A nucleus of mass number \(\boldsymbol{A}\) has a radius \(R=R_{0} A^{\frac{1}{3}}\), where \(R_{0}=1.2 \times 10^{-15} \mathbf{m}\). When a nucleus of a certain charge and mass is formed by bringing together a certain number of neutrons and protons, then release energy \(\boldsymbol{E}_{b}\) is known as binding energy. The nuclear force which holds nucleons together is much stronger than the Coulomb force, which acts between charges, or the gravitational force, which acts between masses.
Learn Atomic Number and Mass Number
Q.1. Two stable isotopes of lithium \({ }{3}^{6} \mathrm{Li}\) and \({ }{3}^{7} \mathrm{Li}\) have respective abundances of \(7.5 \%\) and \(92.5 \%\). These isotopes have masses \(6.01512\,{\rm{u}}\) and \(7.01600\,{\rm{u}}\), respectively. Find the atomic mass of lithium.
Ans: Mass of the first lithium isotope \({ }{3}^{6} \mathrm{Li}=\mathrm{m}_{1}=6.01512\,{\rm{u}}\)
Mass of the second lithium isotope \({ }{3}^{7} \mathrm{Li}=\mathrm{m}_{2}=7.01600\,{\rm{u}}\)
Abundance of \({ }{3}^{6} \mathrm{Li}=\mathrm{n}_{1}=7.5 \%\)
Abundance of \({ }{3}^{7} \mathrm{Li}=\mathrm{n}_{2}=92.5 \%\)
The atomic mass \((m)\) of lithium is,
\(m=\frac{\left(m_{1} n_{1}+m_{2} n_{2}\right)}{n_{1}+n_{2}}\)
\(m=\frac{{(6.01512\,{\rm{u}} \times 7.5)+(7.01600\,{\rm{u}} \times 92.5)}}{7.5+92.5}\)
\(m=6.940934\,{\rm{u}}\)
Hence, the atomic mass of lithium is \(6.940934\,{\rm{u}}\).
Q.1. Write down different isotopes of the hydrogen atom.
Ans: Hydrogen has three isotopes having masses \(1.0078 \,{\rm{u}}, 2.0141 \,{\rm{u}}\), and \(3.0160 \,{\rm{u}}\). The other two isotopes of hydrogen are called Deuterium, \(H_{1}^{2}\) and Tritium, \(H_{1}^{3}\).
Q.2. What are isobars? Explain with examples.
Ans: Isobars that contain the same number of protons but differ from each other in their number of neutrons. Examples: \({ }{1}^{3} H\) and \({ }{2}^{3} H\).
Q.3. What are isotones explain with examples?
Ans: Nuclides with the same neutron number \(N\) but different atomic number \(Z\) are called isotones for example \(H g_{80}^{198}\) and \(A u_{79}^{197}\).
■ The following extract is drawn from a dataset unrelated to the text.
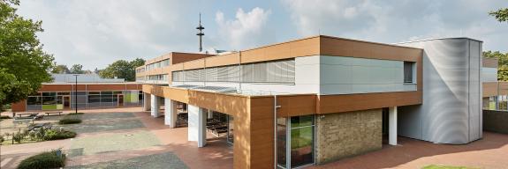 Mit dem Ersatz der alten asbesthaltigen Faserzementplatten durch eine moderne nachhaltige Fassadenbekleidung konnten bei der Sanierung der GBS Nordhorn nicht nur die anspruchsvollen technischen energetischen Standards auf den aktuellen Stand gebracht, sondern auch die Optik der Schule deutlich verbessert werden. Dabei sorgt die Kombination der im unregelmäßigen Wechsel montierten Designs Woods und Chameleon für den besonderen Reiz der etwa 2500 m² großen Fassadenfläche

Q.4. Write down the Einstein equation of mass-energy equivalence relation.
Ans: Einstein gave the famous mass-energy equivalence relation,
\(E=m c^{2}\)
Here \(m\) is the energy equivalent of mass, and \(c\) is the velocity of light in a vacuum, and it is approximately equal to \(3 \times 10^{8} \mathrm{~m} \mathrm{~s}^{-1}\).
Q.5. What is binding energy?
Ans: When a nucleus of a certain charge and mass is formed by bringing together a certain number of neutrons and protons, then released energy \(\boldsymbol{E}_{b}\) is known as binding energy.